WHAT YOU WILL DO:
Each line of data below must be printed exactly as written, with any pictures removed.

*** MATERIAL PROVIDED Section Begins ***

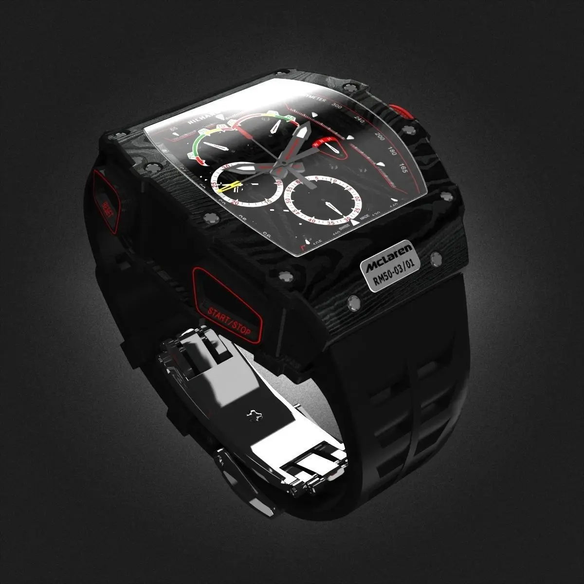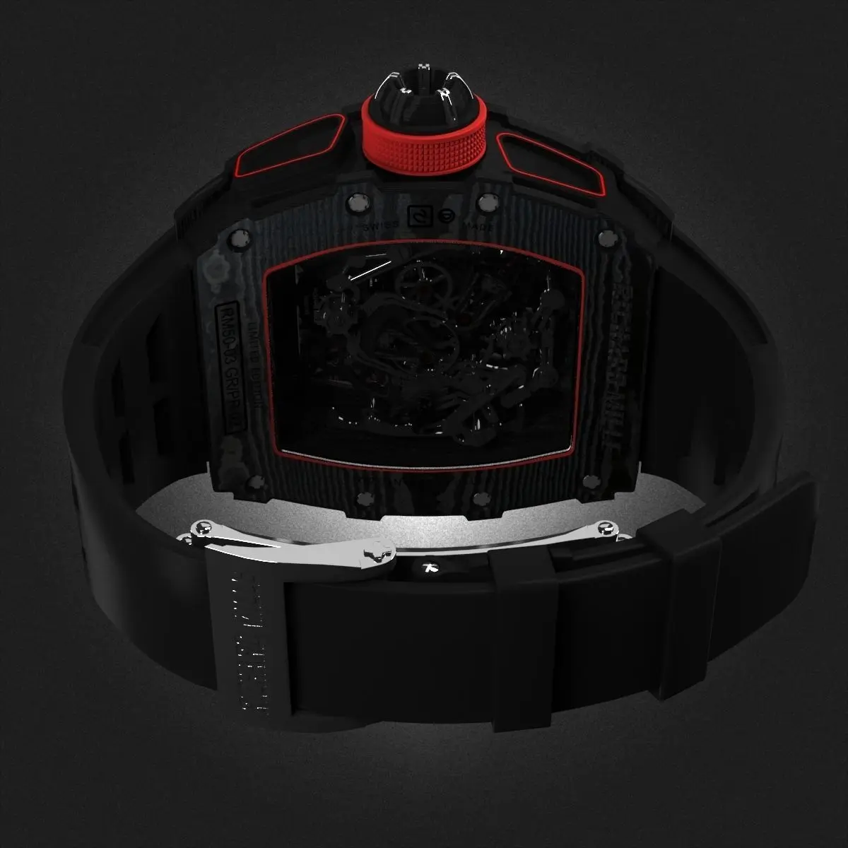 3D model of Richard Mille RM 50-03 watch with black strap.
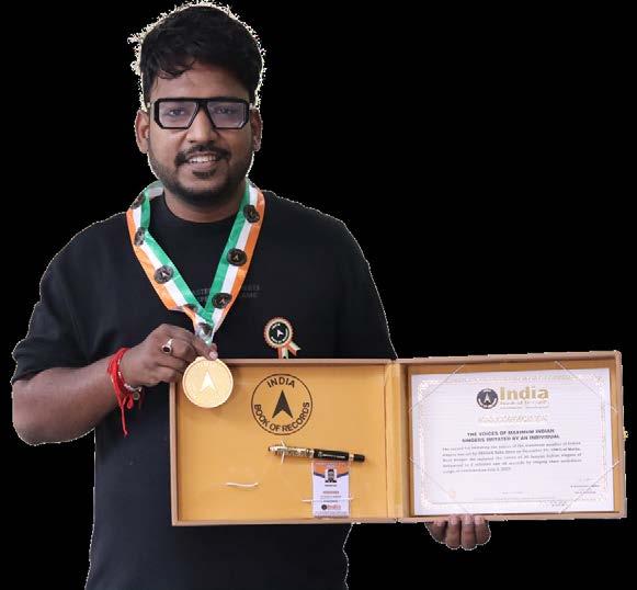 The record for imitating the voices of the maximum number of Indian singers was set by Abhisek Saha (born on December 31, 1987) of Malda, West Bengal. He imitated the voices of 30 famous Indian singers of Bollywood in 2 minutes and 48 seconds by singing their melodious songs, July 2, 2025.
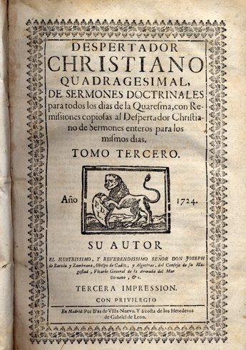 Despertador Christiano Quadragesimal de Sermones Doctrinales para todos los dias de la Quaresma, con remissiones copiosas al Despertador Christiano de Sermones enteros para los mismos dias. Tercera impression. Tomo Tercero (de tres).
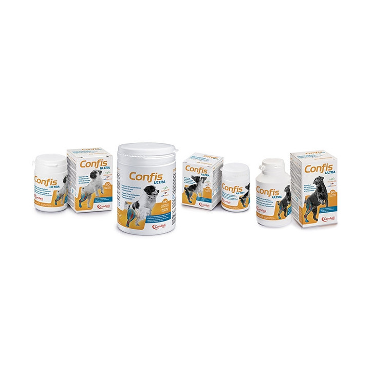 Confis Ultra è un mangime complementare dietetico per cani, formulato per il supporto del metabolismo articolare in caso di osteoartrite.

*** MATERIAL PROVIDED Section Ends ***

TASK ANSWER:
 3D model of Richard Mille RM 50-03 watch with black strap.
 The record for imitating the voices of the maximum number of Indian singers was set by Abhisek Saha (born on December 31, 1987) of Malda, West Bengal. He imitated the voices of 30 famous Indian singers of Bollywood in 2 minutes and 48 seconds by singing their melodious songs, July 2, 2025.
 Despertador Christiano Quadragesimal de Sermones Doctrinales para todos los dias de la Quaresma, con remissiones copiosas al Despertador Christiano de Sermones enteros para los mismos dias. Tercera impression. Tomo Tercero (de tres).
 Confis Ultra è un mangime complementare dietetico per cani, formulato per il supporto del metabolismo articolare in caso di osteoartrite.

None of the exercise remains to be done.